McCain Shakes Up Campaign Staff
Well, I guess not so much a shake-up as a change in leadership, but CNN is reporting that McCain has appointed a new manager of day-to-day operations, Steve Schmidt.
Schmidt had already been doing clean-up work within the campaign, says CNN, which includes fixing such errors as hiring lobbyists who worked with the junta in Myanmar, poor choices of religion figures such as John Hagee, and an ad that distanced McCain from President Bush’s support of offshore drilling, which McCain later reversed.
Schmidt will report to campaign manager Rick Davis (who is taking a more behind-the-scenes role), but everyone else will report to Schmidt. What this really means, in plain English, is that Schmidt is now the de facto campaign manager.
I must say, McCain could use it. I think polling at this stage is kind of silly, but you don’t need to look at numbers to see McCain’s campaign could use help. Just consider what he’s doing this week. He’s holding trade talks in Columbia while Obama is giving a series of speeches outlining everything from his patriotism to his plans for faith-based initatives, to his plans for national service. I don’t know about anyone else, but can’t trade talks wait until after McCain secures the White House?
I wouldn’t be surprised if some of Schmidt’s plans for McCain include some speeches in the near future.

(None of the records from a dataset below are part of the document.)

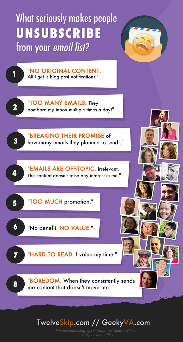 To answer your question: What is the biggest reason that makes you unsubscribe from an email list?
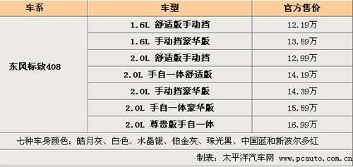 1月25日,東風(fēng)標(biāo)致408在北京全球首發(fā)上市,這是標(biāo)致汽車品牌創(chuàng)立120年以來,首次在海外市場全球首發(fā)其最新一代車型,同時公布了全系車型的售價。此次上市的東風(fēng)標(biāo)致408系列共有7款車型,分為舒適版、豪華版、尊貴版三種配置版本,以配備CVTS-II技術(shù)的2.0L發(fā)動機為主打產(chǎn)品,其價格從12.99萬元至16.99萬元;同時408系列中也包含1.6L發(fā)動機系列,其手動舒適版入門售價為12.19萬元,主打車型2.0L舒適版手自一體版售價為14.19萬元。7款車型的售價如下表:
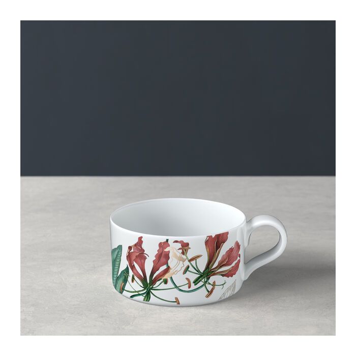 De theekop uit de collectie Avarua met zijn botanische motieven en zachte kleuren laat u genieten van uw favoriete warme drank terwijl u wegdroomt van een paradijselijk oord als de Cookeilanden. Laat u meevoeren naar een wereld van paradijsvogels en exotische planten
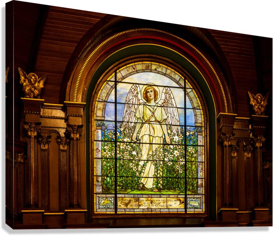 Antique priceless Louis Tiffany stained glass windows in the St Luke Methodist church in Dubuque Iowa. Installed from 1896 they were among the first to have colour placed in the glass rather than painted on the surface. This window is the Angel among the Lilies and is a Resurrection picture given in memory of an 18 year old daughter. The lilies mean new life and white is for purity.

I know they’re not McCain’s strongest suit, but lets face it: If he becomes President, he’ll need to do them…a lot. What better way to learn to do it well than practice?










After a LONG and NUMEROUS series of reversals where Obama has abandoned the positions he took in the primary and has now adopted President Bush’s position, the McCain camp is letting opportunity and after opportunity walk by without a response. I was starting to wonder if McCain has one person on his staff that ever reads a newspaper or a blog. I have just written about this very subject on my blog http://iusbvision.wordpress.com/2008/07/03/obama-reverses-himself-on-terrorist-surveillance-program/
That’s a new one. Obama as a third Bush term?
I don’t think so. I already didn’t agree with the left’s portrayal of McCain as it, and it doesn’t seem to me that Obama could be Bush surrogate any more than McCain could.